该命令会将源码下载到当前目录的 cppjieba 文件夹中。

方法 2：手动下载源码包

访问 GitHub 仓库地址：https://github.com/yanyiwu/cppjieba

点击右上角的 Code 按钮，选择 Download ZIP，下载后解压到本地目录。

2. 目录结构说明

下载后的 cppjieba 目录包含核心代码和必要资源，主要结构如下：

plaintext 复制代码

cppjieba/
├── include/              # 头文件目录（核心算法实现）
│   ├── jieba.hpp         # 分词核心类
│   ├── dict_trie.hpp     # 词典Trie树结构
│   └── ...
├── src/                  # 源文件目录
│   ├── jieba.cpp
│   └── ...
├── dict/                 # 内置词典（必须保留，分词依赖）
│   ├── jieba.dict.utf8   # 主词典
│   ├── hmm_model.utf8    # 隐马尔可夫模型词典
│   ├── user.dict.utf8    # 用户自定义词典（可修改）
│   └── stop_words.utf8   # 停用词词典
├── example/              # 示例代码
│   └── demo.cpp          # 简单使用示例
└── CMakeLists.txt        # CMake 配置文件（用于编译示例）

3. 集成到 C++ 项目中

cppjieba 不需要 "安装" 到系统目录，而是直接将源码和词典集成到你的项目中，步骤如下：

步骤 1：复制必要文件到项目

将 include/ 和 src/ 目录复制到你的项目源码目录（或通过编译选项指定路径）。

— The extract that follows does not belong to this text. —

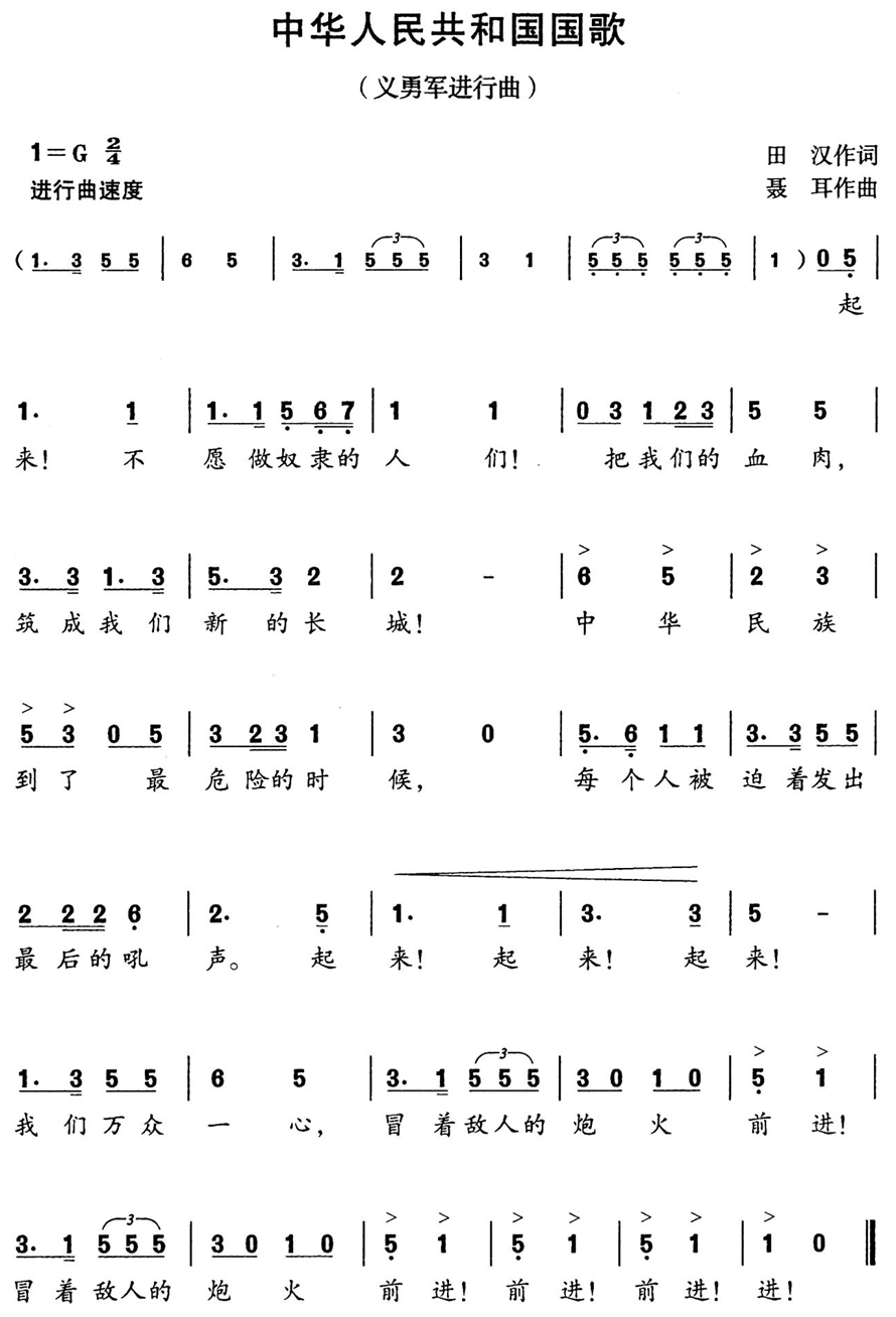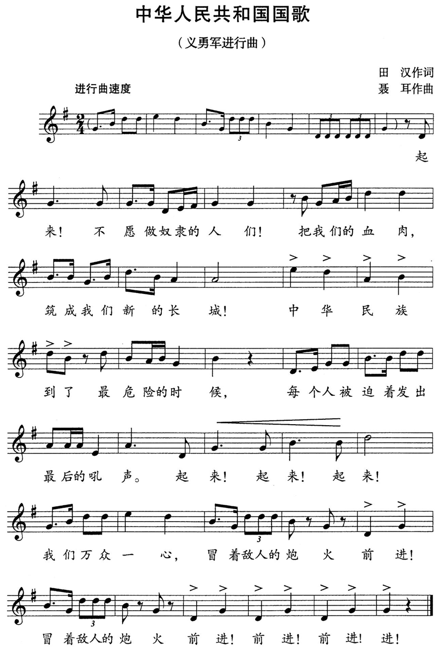 (2017年9月1日第十二届全国人民代表大会常务委员会第二十九次会议通过) 第一条 为了维护国歌的尊严,规范国歌的奏唱、播放和使用,增强公民的国家观念,弘扬爱国主义精神,培育和践行社会主义核心价值观,根据宪法,制定本法。 第三条 中华人民共和国国歌是中华人民共和国的象征和标志。 (一)全国人民代表大会会议和地方各级人民代表大会会议的开幕、闭幕; 中国人民政治协商会议全国委员会会议和地方各级委员会会议的开幕、闭幕; (五)各级机关举行或者组织的重大庆典、表彰、纪念仪式等; 第五条 国家倡导公民和组织在适宜的场合奏唱国歌,表达爱国情感。 第六条 奏唱国歌,应当按照本法附件所载国歌的歌词和曲谱,不得采取有损国歌尊严的奏唱形式。 第七条 奏唱国歌时,在场人员应当肃立,举止庄重,不得有不尊重国歌的行为。 第八条 国歌不得用于或者变相用于商标、商业广告,不得在私人丧事活动等不适宜的场合使用,不得作为公共场所的背景音乐等。 第九条 外交活动中奏唱国歌的场合和礼仪,由外交部规定。 第十条 在本法第四条规定的场合奏唱国歌,应当使用国歌标准演奏曲谱或者国歌官方录音版本。 外交部及驻外外交机构应当向有关国家外交部门和有关国际组织提供国歌标准演奏曲谱和国歌官方录音版本,供外交活动中使用。 国务院体育行政部门应当向有关国际体育组织和赛会主办方提供国歌标准演奏曲谱和国歌官方录音版本,供国际体育赛会使用。 国歌标准演奏曲谱、国歌官方录音版本由国务院确定的部门组织审定、录制,并在中国人大网和中国政府网上发布。 中小学应当将国歌作为爱国主义教育的重要内容,组织学生学唱国歌,教育学生了解国歌的历史和精神内涵、遵守国歌奏唱礼仪。 第十二条 新闻媒体应当积极开展对国歌的宣传,普及国歌奏唱礼仪知识。 第十三条 国庆节、国际劳动节等重要的国家法定节日、纪念日,中央和省、自治区、直辖市的广播电台、电视台应当按照国务院广播电视主管部门规定的时点播放国歌。 第十四条 县级以上各级人民政府及其有关部门在各自职责范围内,对国歌的奏唱、播放和使用进行监督管理。 第十五条 在公共场合,故意篡改国歌歌词、曲谱,以歪曲、贬损方式奏唱国歌,或者以其他方式侮辱国歌的,由公安机关处以警告或者十五日以下拘留;构成犯罪的,依法追究刑事责任。附件:中华人民共和国国歌(五线谱版、简谱版)

将 dict/ 目录复制到你的项目运行目录（确保程序能找到词典，路径可自定义）。

步骤 2：在代码中使用

在你的 C++ 代码中包含头文件，并初始化分词器，示例如下：

cpp 复制代码

运行
#include "jieba.hpp"
#include <iostream>
#include <vector>

using namespace cppjieba;
using namespace std;

int main() {
    // 词典路径（根据实际存放位置修改）
    const string DICT_PATH = "./dict/jieba.dict.utf8";
    const string HMM_PATH = "./dict/hmm_model.utf8";
    const string USER_DICT_PATH = "./dict/user.dict.utf8";
    const string STOP_WORD_PATH = "./dict/stop_words.utf8";

    // 初始化分词器
    Jieba jieba(DICT_PATH, HMM_PATH, USER_DICT_PATH, STOP_WORD_PATH);

    // 待分词文本
    string text = "我爱自然语言处理";
    vector<string> words;

    // 精确模式分词
    jieba.Cut(text, words, false);  // false 表示精确模式

    // 输出结果
    for (const auto& word : words) {
        cout << word << " ";
    }
    // 输出：我 爱 自然语言处理
    return 0;
}

4. 编译项目

编译时需要指定源码文件和头文件路径，以 g++ 为例：

bash 复制代码

# 假设你的代码文件为 main.cpp，且 cppjieba 的 src/ 和 include/ 在当前目录
g++ -std=c++11 main.cpp ./src/*.cpp -I./include -o jieba_demo
-I./include：指定头文件目录。
./src/*.cpp：编译 cppjieba 的源文件。
-std=c++11：cppjieba 依赖 C++11 标准，需指定。

5. 运行测试

编译成功后，执行生成的可执行文件：

bash 复制代码

./jieba_demo  # Linux/macOS

# 或
jieba_demo.exe  # Windows

如果输出分词结果，则说明集成成功。

注意事项

词典路径：必须保证程序能访问到 dict/ 目录下的词典文件，路径错误会导致分词失败。
编码问题：cppjieba 处理的是 UTF-8 编码文本，确保输入文本编码正确。
自定义词典：可修改 user.dict.utf8 添加新词（格式：词语词频词性，如 cppjieba 1000 n）。
跨平台：支持 Linux、macOS、Windows，Windows 下可使用 MinGW 或 MSVC 编译。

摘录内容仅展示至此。